▸ **Your goal**
Leave out the pictures, and print exactly the lines from the one holding "可选项 PWB15内置分频板,主动/被动模式可选 可切换至高输出8ohm卫星音箱" through the last line of the material.

===== Source material

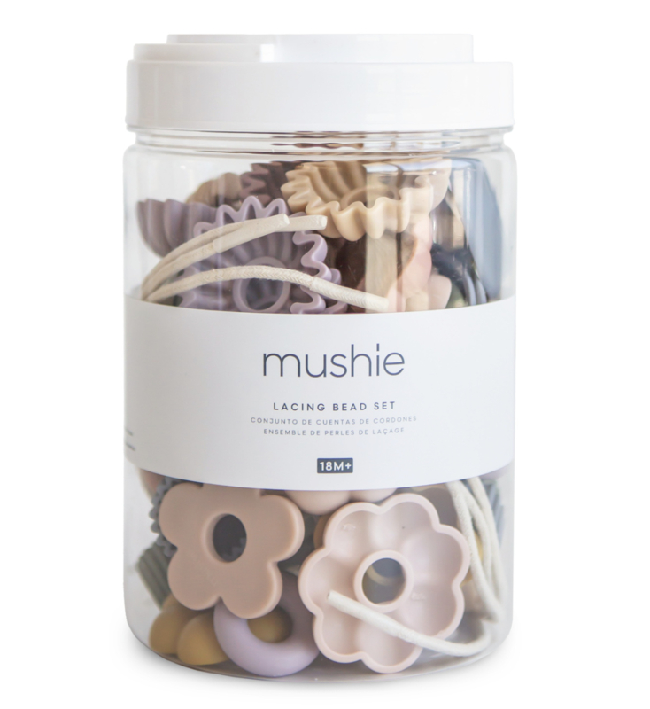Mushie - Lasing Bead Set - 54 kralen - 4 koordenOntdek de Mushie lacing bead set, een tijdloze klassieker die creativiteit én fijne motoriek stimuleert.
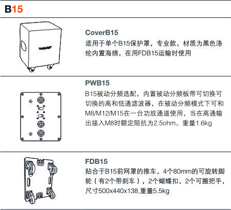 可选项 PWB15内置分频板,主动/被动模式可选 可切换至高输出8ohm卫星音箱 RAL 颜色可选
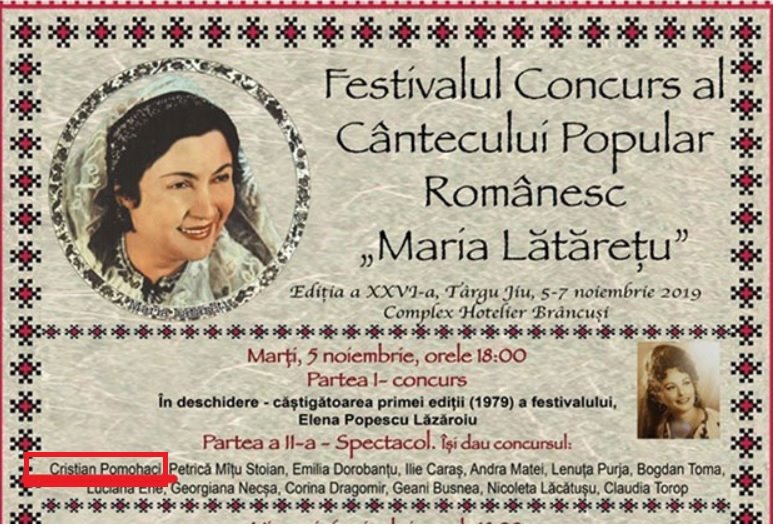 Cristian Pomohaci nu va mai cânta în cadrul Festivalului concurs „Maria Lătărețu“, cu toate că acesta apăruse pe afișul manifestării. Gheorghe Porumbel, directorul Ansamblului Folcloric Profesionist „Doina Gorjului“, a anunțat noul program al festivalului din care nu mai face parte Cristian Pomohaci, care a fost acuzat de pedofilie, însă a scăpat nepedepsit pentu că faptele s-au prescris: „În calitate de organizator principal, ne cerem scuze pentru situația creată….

==========

▸ **Task output**
 可选项 PWB15内置分频板,主动/被动模式可选 可切换至高输出8ohm卫星音箱 RAL 颜色可选
 Cristian Pomohaci nu va mai cânta în cadrul Festivalului concurs „Maria Lătărețu“, cu toate că acesta apăruse pe afișul manifestării. Gheorghe Porumbel, directorul Ansamblului Folcloric Profesionist „Doina Gorjului“, a anunțat noul program al festivalului din care nu mai face parte Cristian Pomohaci, care a fost acuzat de pedofilie, însă a scăpat nepedepsit pentu că faptele s-au prescris: „În calitate de organizator principal, ne cerem scuze pentru situația creată….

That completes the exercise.